(Longtime lurker, first-time poster. Thanks for the indulgence.)
Sunday, September 25, my friend John and I drove 180 miles to Minnesota's Iron Range for a memorial dedication to Paul Wellstone and the seven killed with him almost three years ago. Didn't know this happened? No worries. Few in the mosquito state did, either. Ditto for our friendly liberal media. For the nuts and bolts of the 6-acre site, you can read the AP's modest coverage here:
http://www.wellstone.org/news/news_detail.aspx?itemID=6357&catID=7
It rained the entire way to Cloquet but cleared as we neared Eveleth. We passed Paul's familiar green bus near Cotton, so we knew we wouldn't be late for the short program. Only a few hundred gathered, and among us stood Rick Kahn. It was good to see him. One of Paul's dearest friends, Rick was, reportedly, apolitical before he met the future senator. But something in Wellstone inspired and motivated Kahn. I know the feeling.
Kahn caught a bad rap after his speech at the 2002 memorial. Driven by passion and pain and burdened by a lack of speaking experience, Kahn's plaintive declarations were a tad over the top. But hardly criminal. Fueled by hate, the Republican noise machine vilified the unassuming Kahn for, to paraphrase my buddy John, promoting such horrifically partisan ideas as feeding the hungry and housing the homeless.

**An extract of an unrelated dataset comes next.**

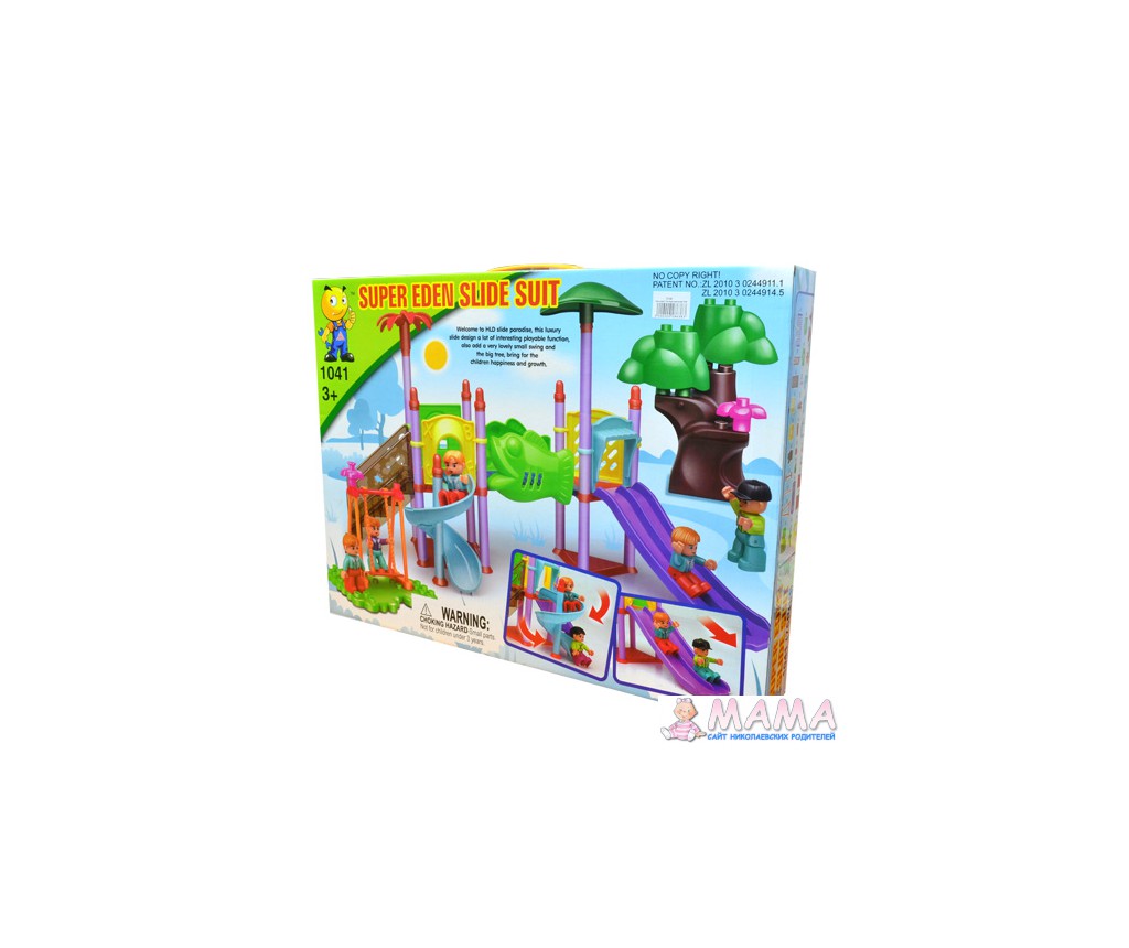 Маю сказати, що ціна його не далеко пішла від уніки. Повний такий набір майданчик коштував близько 100 грн, а великий набір будиночок із звірятками в Уніці коштував 250. Але ж там і можливостей набагато більше, і цеглинок, і фігурок. І це я вже не буду казати за декілька пластин різного розміру в наборі, які самі по собі в Лего обійшлись би гривень в 300-400.

Kahn didn't take the podium at the dedication. Few did, befitting the low-key ceremony, somber setting and typical Iron Range stoicism. Judy McLaughlin - whose son, Will, died with Paul that morning - and Mark Wellstone spoke with pride and dignity. I can still remember Mark at the `02 memorial service calmly telling his dad - and the audience - that it was all right. We'd be OK, he said. But we're not.

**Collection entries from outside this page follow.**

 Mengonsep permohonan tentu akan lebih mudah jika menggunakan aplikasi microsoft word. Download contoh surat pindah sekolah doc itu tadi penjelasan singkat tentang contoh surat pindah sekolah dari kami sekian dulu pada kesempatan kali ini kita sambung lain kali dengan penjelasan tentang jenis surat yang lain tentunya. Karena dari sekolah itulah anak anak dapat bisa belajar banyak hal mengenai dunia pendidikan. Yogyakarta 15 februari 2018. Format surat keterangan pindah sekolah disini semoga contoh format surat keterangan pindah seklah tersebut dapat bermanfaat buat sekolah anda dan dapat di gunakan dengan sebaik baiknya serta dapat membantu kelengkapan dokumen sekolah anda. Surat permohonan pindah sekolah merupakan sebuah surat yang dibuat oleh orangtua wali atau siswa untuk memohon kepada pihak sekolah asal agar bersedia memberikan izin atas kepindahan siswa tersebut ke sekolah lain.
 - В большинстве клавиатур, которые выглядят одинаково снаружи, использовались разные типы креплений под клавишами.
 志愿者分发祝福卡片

A small platform off of "legacy trail" opens to a grassy marsh. Straining, I tried to find that spot 2,000 feet away where Wellstone's wings crashed and exploded in a blazing fury. I wondered what Paul would say of our current climate. He wouldn't hate on Obama. He'd count Hillary Clinton as a friend. He considered Feingold a protégé. He'd stay focused on real goals and enemies instead of surrendering to the convenience of intra-party squabbling.
Paul wasn't perfect, either. I'm grateful for DailyKos, but thank god the blogosphere wasn't active in 1996, when Wellstone supported the Defense of Marriage act. Would we have challenged and crucified our standard-bearer for that stance? Of course. What positive purpose would that have served? I'm not smart enough to know.
I found no enlightenment 2,000 feet from the crash site. John and I jumped off the prepared path and trudged halfway to where we assumed the earth hides its scorched scar. But the brush and peat moss gave way to deep marsh and our progress stalled. The closure we came for evaded us.
While we were glad to make the journey and the location is a fitting tribute, this place of reflection offered no solace and no answers. But I know that I love Paul Wellstone. Most of us here did and do. I proudly stood behind him even when we disagreed. To publicly rant about our differences only encouraged divisiveness, not understanding.
John and I were two of the last to leave. Ten miles southeast of Eveleth, the rain returned.
As an aside, I'm especially bitter about Paul's untimely demise because it breathed new life into Norm Coleman's walking corpse. I mean, here's a dude who's knocking on death's door, politically. In 1998 he staggers for governor ("runs" is far too flattering), gets his ass kicked by a steroidal ex-wrestler and then is on the brink of a double-digit defeat to a Rove-targeted two-term senator seen as out of step with the Minnesota mainstream. Without Wellstone's crash, Norm isn't so Smilin'. Paul pounds him by 11 points and that hollow man's obit is writ large on the political landscape. Now, he's my, um, senator.